-
I do! It led to Osborne's austerity policy. A breathtaking decision to deliberately plunge ordinary people into poverty. How can a decent society allow a Chancellor to get away with this? Isn't it as immoral as Blair invading Iraq? I'm still incandescent about the complacency of the comfortably off, who all supported austerity, and saw themselves as the real victims of the banking crisis. Because common people don't matter. They're just oiks and chavs. If they have disposable income they waste it on booze and fags and excessive cars.

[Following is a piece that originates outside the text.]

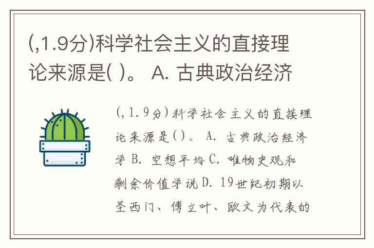 (,1.9分)科学社会主义的直接理论来源是( )。 A. 古典政治经济学 B. 空想平均 C. 唯物史观和剩余价值学说 D. 19世纪初期以圣西门、傅立叶、欧文为代表的空想社会主义
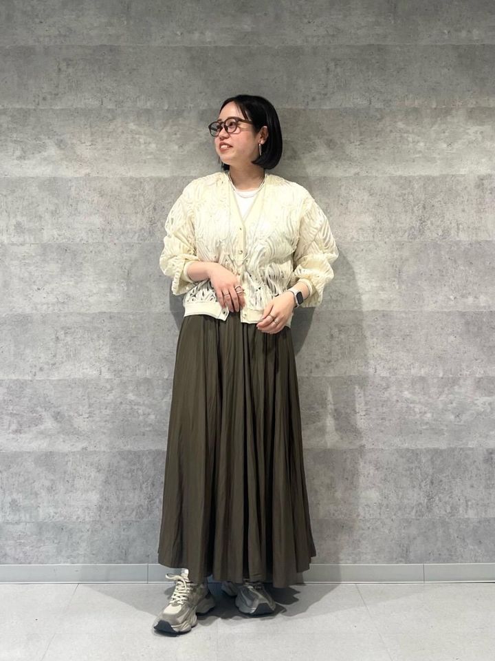 細かなパーツにラメが入っている華やかなカーディガンや、揺れ感のきれいなスカートはエレガントな印象。一方で足もとはスニーカーなので歩きやすさも抜群。服と同様、淡い色合いを選ぶことでスポーティーにならずに仕上がりました。

I still believe that Osborne should have borrowed and invested, which is what Obama did. Or did I get this wrong? I have no grasp of economics.
-
It is, no one apart from die hard Tories think of the financial crisis that started in 2008
I experienced this at first hand on Tuesday. I went for a few drinks with some people who I know through a shared interest in travel. There was a guy there who I hadn't met before, but others had, I think. A group conversation started around the election and this 'new' guy said several times that, if labour got in, they would 'raid' pensions, 'just like Brown did'. This was reiterated 3 or 4 times later.
Later, Truss came up in the conversation and he said that her plans weren't too radical, but that they'd been blocked by the Bank of England! I had to go to the bar just then, so I bought him a pint and sat down with another group further away! We moved on to another bar after that and the b****rd didn't offer me a drink in return!
Ordinary people don't think about the bailout, it's ancient history. But they're aware of the increase of poverty, rising rents and earning so little for full time work that you go into debt just paying for the basics.